A Java Extension is loaded into the local JVM on demand (the first time java.run( 'ExtensionName' ) is invoked).  Stingray passes the basic request (and response) data to the extension and then invokes the servlet 'service' or 'doGet' method in the extension.  The extension runs to completion and then control is handed back to the TrafficScript rule that invoked it.

 

Java Extensions run in a dedicated Java Virtual Machine (JVM), on the same server system as the core Stingray traffic management software. The JVM isolates the Java Extensions from the Stingary kernel, so that extensions can safely perform operations such as database access without blocking or unduly interfering with the Stingray kernel.  The Java Extensions engine can run multiple extensions concurrently (subject to a global limit), and extensions can build up and store persistent data, spawn threads for background processing tasks and perform all manner of blocking operations, subject to configured connection timeouts. The engine supports remote debugging and hot code patching so that running extensions can be debugged and updated on-the-fly.

 

Java Extensions may be used against HTTP and non-HTTP traffic, and may also be used to implement additional functions that can be called from TrafficScript.  Extensions can be written in Java, Python or Ruby.

 

What can you do with Java Extensions?

 

Java Extensions let you draw on the capabilities of Java, the functionality of the JRE and the huge variety of supporting Java class libraries.

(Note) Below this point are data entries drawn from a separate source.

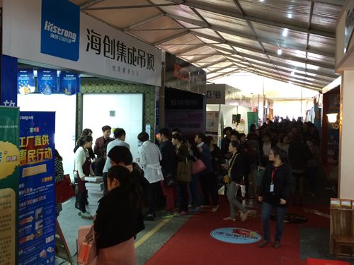 本次家博會(huì)匯集美爾凱特、法獅龍、奧華、美大、三星、蘇泊爾、科勒、火星人、TOTO等眾多知名一線品牌,現(xiàn)場(chǎng)氣氛熱烈,人流涌動(dòng),海創(chuàng)更是全場(chǎng)人氣焦點(diǎn),凡關(guān)注海創(chuàng)集成吊頂官方微信,集滿33個(gè)贊的微友可以到現(xiàn)場(chǎng)領(lǐng)取奧克斯電水壺或浴巾三件套一份,未到開(kāi)始時(shí)間,海創(chuàng)展位前面就排起了長(zhǎng)龍,隊(duì)伍一直排到會(huì)場(chǎng)門(mén)口。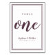 This design was created for smaller intimate wedding celebrations. Simple, minimalist and elegant Wedding Table Number ONE design features a contemporary design with a double frame border in purple on a crisp white background. The chic design provides timeless yet modern sophistication. Personalize wedding table design with your wedding details in purple lettering and script. The back of the card is a duplicate of the front. Order one for every table with the individual table numbers.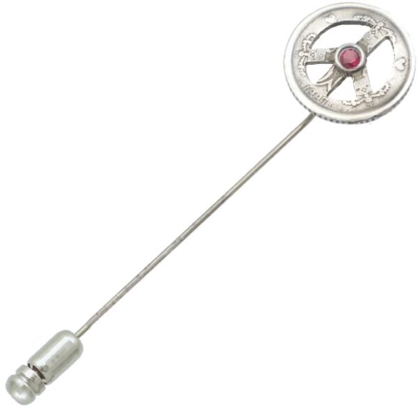 (7月)ルビー クローネ ピース コイン シルバー ラペルピン 誕生石*BK-1085

You can perform detailed content inspection and modification, communicate with external databases, applications and services, and implement very sophisticated application delivery logic.

 

Possible applications include:

 

  • Content Watermarking - protect intellectual property by applying unique visible or hidden watermarks to outgoing documents or images;
  • Authentication, Authorization and Access Control - checking user credentials against an LDAP, Radius, TACACS+, Active Directory or other database and applying access control;
  • Proxying multiple applications behind a single-sign-on gateway, using Java Extensions to create the necessary the logic to broker, authenticate and translate requests between remote clients and the different back-end applications and services;
  • Application Mash-ups, built from multiple different sources. Java Extensions can even communicate with raw sockets to interface with proprietary applications;
  • XML Signature Verification and Generation - verify and strip signatures from incoming XML data, or replace signatures with locally generated ones to indicate that a document has passed initial checking at the gateway;
  • Transaction logging and alerting, logging key events to a remote database or raising an alert, reconfiguring Stingray via the Control API or performing other custom actions as appropriate;
  • Complex Request Routing based on location data, URL hash values or real-time information retrieved from an external database or service.